By then, the union had already tried -- but failed -- to replace another Paul Mueller director a year earlier despite support from the company's largest institutional shareholder. That director, then 28 and a grandson of the company's founder, allegedly scored a special appointment and continues to sit on the board today.

The current situation looks at least somewhat similar. For starters, the union has already mentioned personal differences with HMA.

"In addition to its concerns as a shareholder," the union's regulatory filing states, "SMWIA also is concerned that construction work at HMA facilities has been done by non-union contractors who are believed not to be providing health insurance to all their workers (in contrast to SMWIA-signatory contractors)."

The union also acknowledges that it owns just 120 shares of HMA's stock.

Chorus

But the group is hardly alone in voicing concerns about HMA's pricing strategy, at least. Kenneth Weakley, the UBS analyst best known for exposing the aggressive pricing at

Tenet

(THC) - Get Report

, has singled out HMA for scrutiny as well.

Weakley, too, portrays HMA's hospital prices as higher than normal and warns that the company's pricing strategy may prove unsustainable in the future.

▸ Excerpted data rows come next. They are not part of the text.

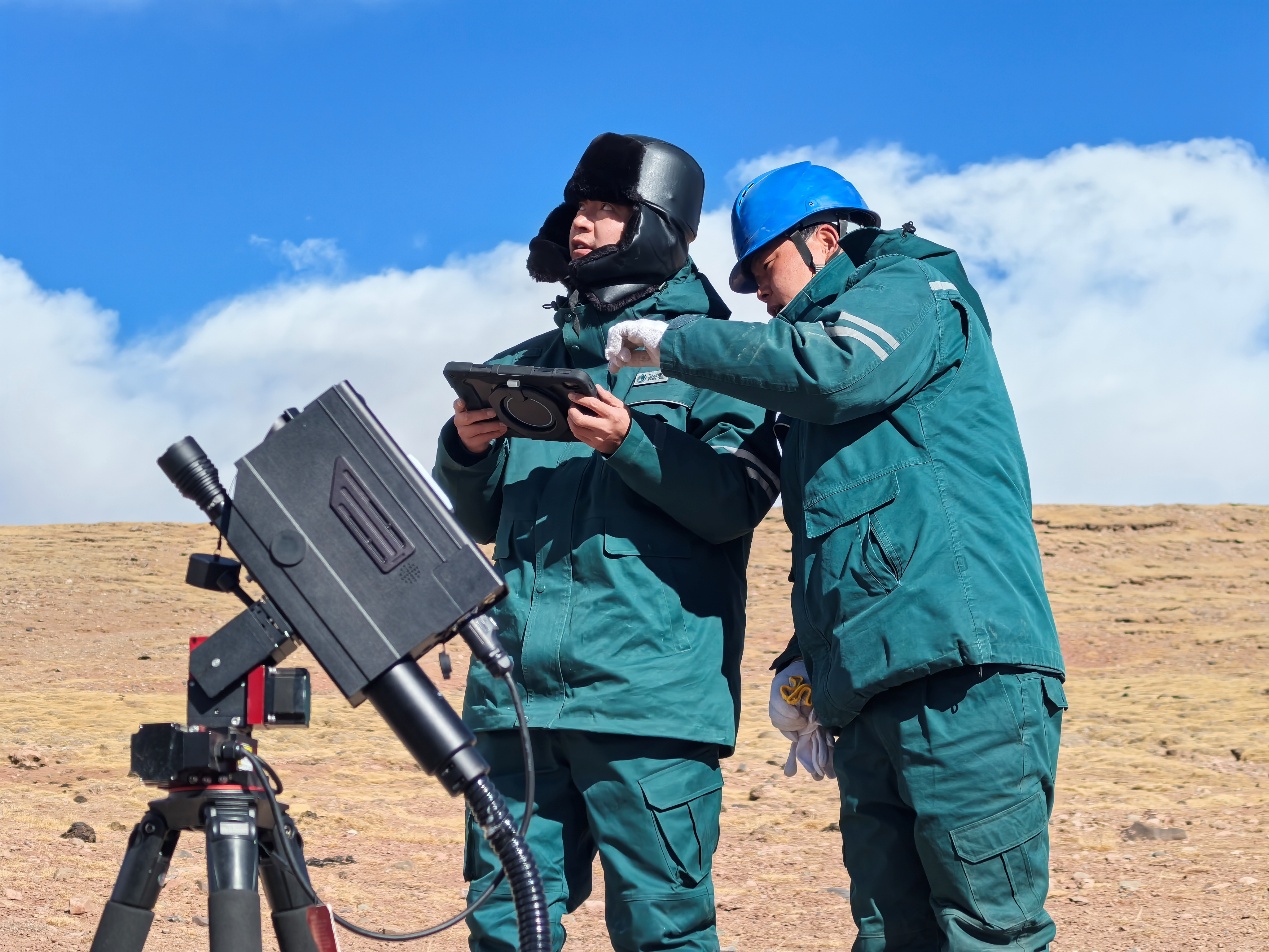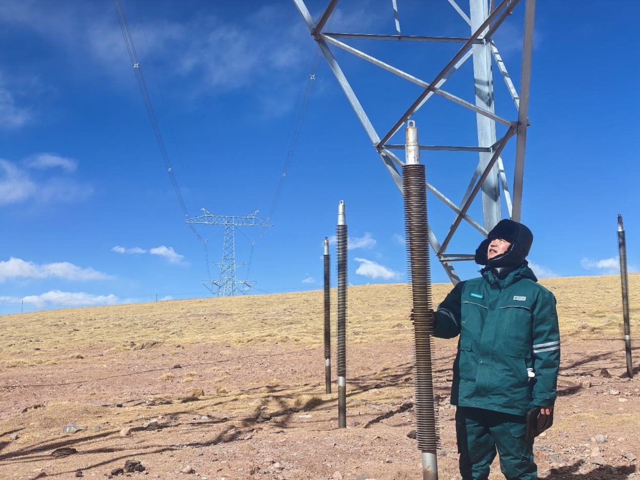 除了无人机巡检,他们还化身高原冻土的“把脉人”。针对冻土冻胀融沉对铁塔基础的威胁,他们坚持监测热棒、测量铁塔、分析数据,严密观测冻土变化;2025年,他们又引进北斗杆塔(地质)沉降监测终端,以高精度定位技术,实时监测铁塔的位移、倾斜、沉降,为精准运维提供科学依据,让1394基铁塔在冻土之上岿然不动。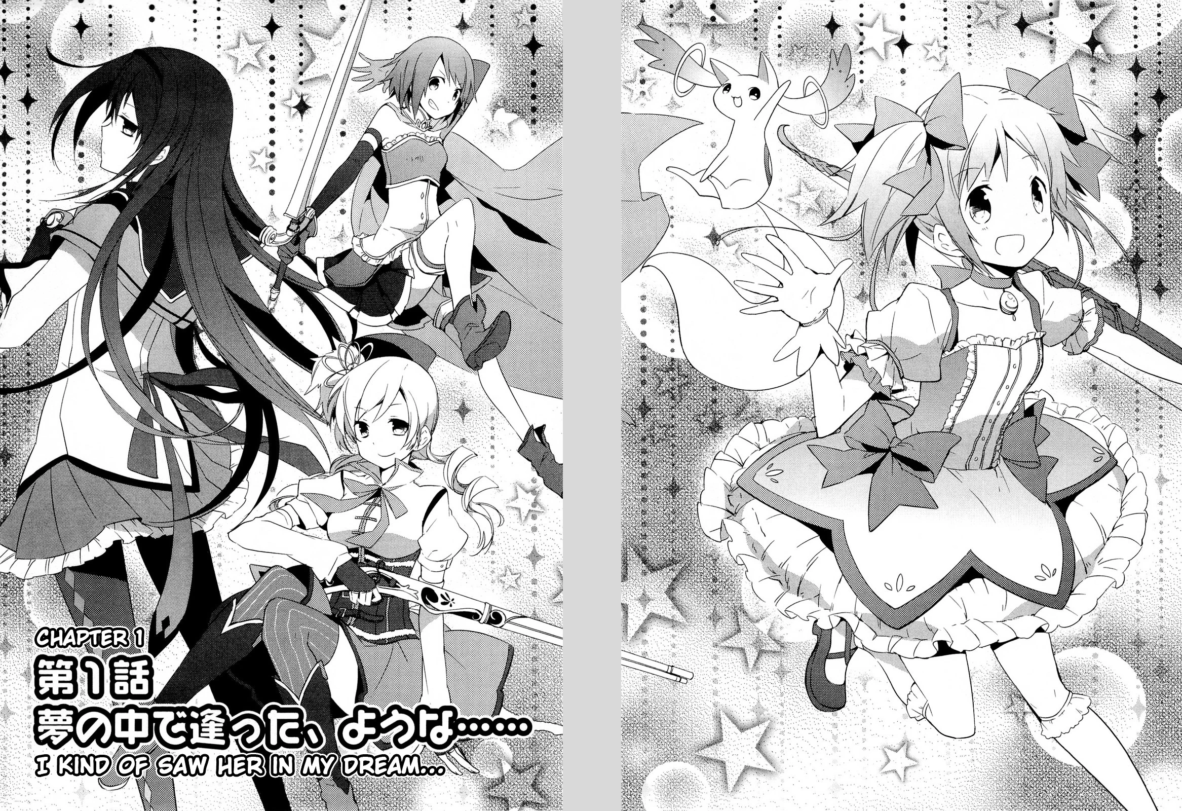 I First Met Her in a Dream... or Something (夢の中で逢った、ような… Yume no Naka de Atta, Youna...?) is the first chapter of the Puella Magi Madoka☆Magica manga.
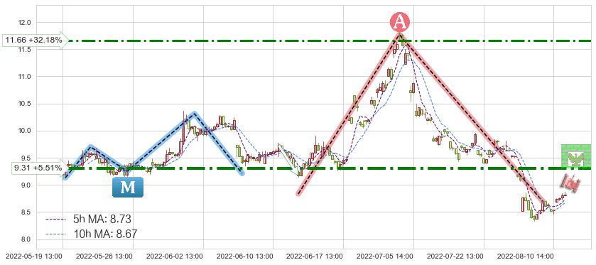 ♘ 阻力价格位9.31,可信任强度80.88%,距离最后交易2022-08-12 14:00形成的收盘价格8.82相差 +5.51%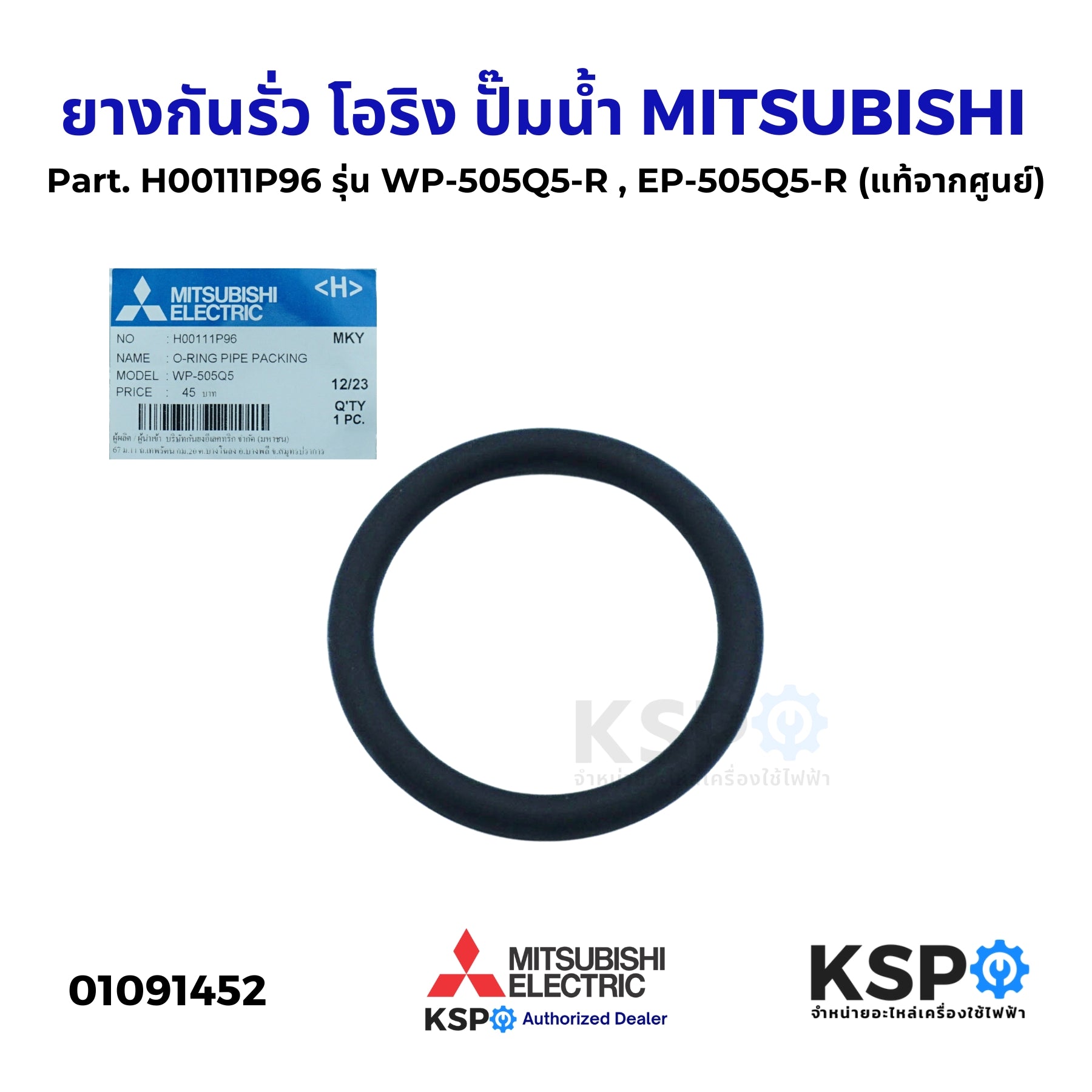 ยางกันรั่ว MITSUBISHI รุ่น H00111P96 ออกแบบมาเพื่อใช้กับปั๊มน้ำ MITSUBISHI รุ่น WP-505Q5-R และ EP-505Q5-R ซึ่งมีคุณสมบัติช่วยป้องกันการรั่วซึมของน้ำในระบบท่อส่งน้ำ ช่วยให้ระบบปั๊มน้ำทำงานได้อย่างมีประสิทธิภาพ

Uninsured patients in Florida go a step further. They claim that HMA has already harmed them by attempting to collect on high-priced bills they cannot afford. In some instances, they say, HMA has even placed liens on their homes, garnished their wages and seized their bank accounts.

"As a result of HMA's unconscionable, deceptive and unfair practices," their complaint states, "HMA has become one of the most profitable health care companies in the U.S."

The lawsuit goes on to say that HMA employs its strategy, in part, to inflate figures for charity and indigent care so that it can collect bigger so-called "disproportionate share hospital," or DSH, reimbursements from the government. Medicaid, which funds the lion's share of such payments, accounts for 9% of HMA's total revenue.

The complaint says that HMA also charges high prices to boost its tax write-offs and any profits it does collect from the uninsured. And it claims that HMA has broken its own promise to respect the dignity of all patients in the process.

"The fact is that HMA provides 'individual dignity' only to those consumers who are able to afford health insurance," the lawsuit states, "but treats all others in a discriminatory and unconscionable manner that violates Florida law."

The lawsuit seeks relief for all uninsured patients treated by HMA hospitals since August 1994.